There could be other fallout: Two minor clients have withdrawn their accounts and others have expressed disappointment, dissidents said.
Playboy Enterprises Inc., which has hired Hill & Knowlton for projects in the past, is undecided about hiring it again. "Our decision will be impacted by our principles. We've been longstanding supporters of reproductive rights," spokeswoman Robyn Radomski said Thursday.
Whatever Playboy's decision, she said, "We feel it's regrettable that such a big powerhouse PR firm has put itself in such a bad PR situation."
For their part, Hill & Knowlton and the National Conference of Catholic Bishops reaffirmed their intention to proceed with the account, said to be worth $3 million to $5 million over three to five years.
"I don't think we've made a mistake as a firm in taking on this account," said John Berard, a spokesman in Hill & Knowlton's Washington office, which will handle the work. "We knew it was going to be controversial."
The reaction of the company's staff was "reflective of society," Berard said, and the company was discussing the issue with its employees. They are not compelled to work on projects to which they object, he noted.
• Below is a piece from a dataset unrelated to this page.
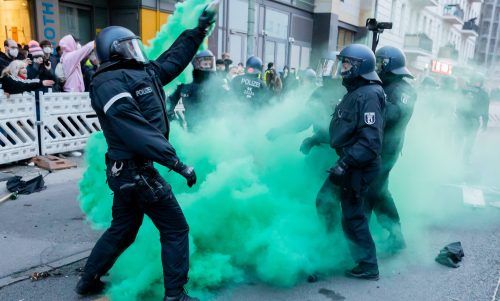 Linke Demonstranten griffen zu Gewalt: Feuerwerkskörper, Nebeltöpfe, Flaschen- und Steinwürfe gegen Beamte

The case was just one recent example of abortion fomenting controversy in the business world. American Telephone & Telegraph, for example, drew sharp attacks from abortion rights advocates this week when it withdrew its annual $50,000 funding for Planned Parenthood.
Given the intensity of feelings, "the country is going to live with this not only at Hill & Knowlton but at all other organizations for the next 50 years," said William Ehling, chairman of the public relations department at Syracuse University. "It's just so divisive."
Indeed, while some Hill & Knowlton employees objected to the company's lack of consultation with its staff, the protest letter to Chief Executive Robert Dilenschneider focused on the abortion issue itself.
"For management to seek out as well as accept an assignment whose ultimate goal is to limit our fundamental rights leaves us with a stinging sense of betrayal," it said.